The analysts say the increase in Iranian involvement is to offset the gains made by Yemeni government troops supported by the Saudi-led Arab coalition forces.
Increased Iranian role will prolong Yemen’s civil war and make the conflict more sectarian, worsening Yemen’s humanitarian crisis and allowing Al Qaida in the Arabian Peninsula (AQAP) to expand its support base within Yemen, they say.
“The deployment of inter-operable proxy forces is part of Iran’s evolution of a form of hybrid warfare that will allow it to project significant force far from its borders and fundamentally alter the balance of power in the region. Iran may increase its engagement in Yemen if US support for the Saudi-led coalition threatens the Al Houthi-Saleh faction’s survival,” they say.

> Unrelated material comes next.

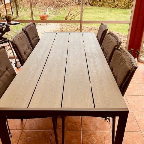 Nimes är ett elegant matbord i vitt pulverlackad aluminium från Brafab. Nimes har en elegant ribbad toppskiva med nätta och snygga konade ben. Bordet är helt underhållsfritt.

The Critical Threats Project run by the public policy think tank the American Enterprise Institute has published the analysis on their website, providing information on Iranian military assistance to Yemeni rebels.
“Iran may attempt to incorporate the Al Houthis into its Axis of Resistance coalition, which Iran uses to contain the US and its regional allies,” the report stresses, warning that further escalation in the Yemeni civil war will threaten freedom of navigation in the Red Sea, risking both global commercial markets and the US Navy’s freedom of movement in the region.
The analysis claims that Iran had attempted to smuggle over 2,000 small arms into Yemen in 2015 and 2016, in addition to a large stockpile of other weapons.
“Iran likely facilitated the development of an Al Houthi-Saleh naval mining program. Mines struck a government coast guard ship near Mokha port, Taiz governorate on March 11 and a fishing vessel near Midi district, northwestern Hajjah governorate on March 8. Iran provides sophisticated weaponry that allows the Al Houthi-Saleh faction to hold terrain, counter Saudi-led coalition capabilities, and threaten US freedom of movement in the Red Sea,” it warns.
The Al Houthi-Saleh militias possess a large number of Iran-supplied sophisticated weapons and technological devices, such as unmanned aerial vehicles, the technology for unmanned remote-controlled boat attacks as happened to a Saudi vessel in the Red Sea on January 3, anti-ship cruise missiles used to fire at the USS Mason in October 2016, and anti-tank guided weapons that were not part of Yemen’s pre-civil war stockpiles, the analysis asserts.
It reveals that Al Houthi-Saleh ballistic missile launches increased in 2017 and argues that Hezbollah or IRGC-QF likely provided technical expertise to modify pre-existing Scud missile stockpiles for longer range capabilities.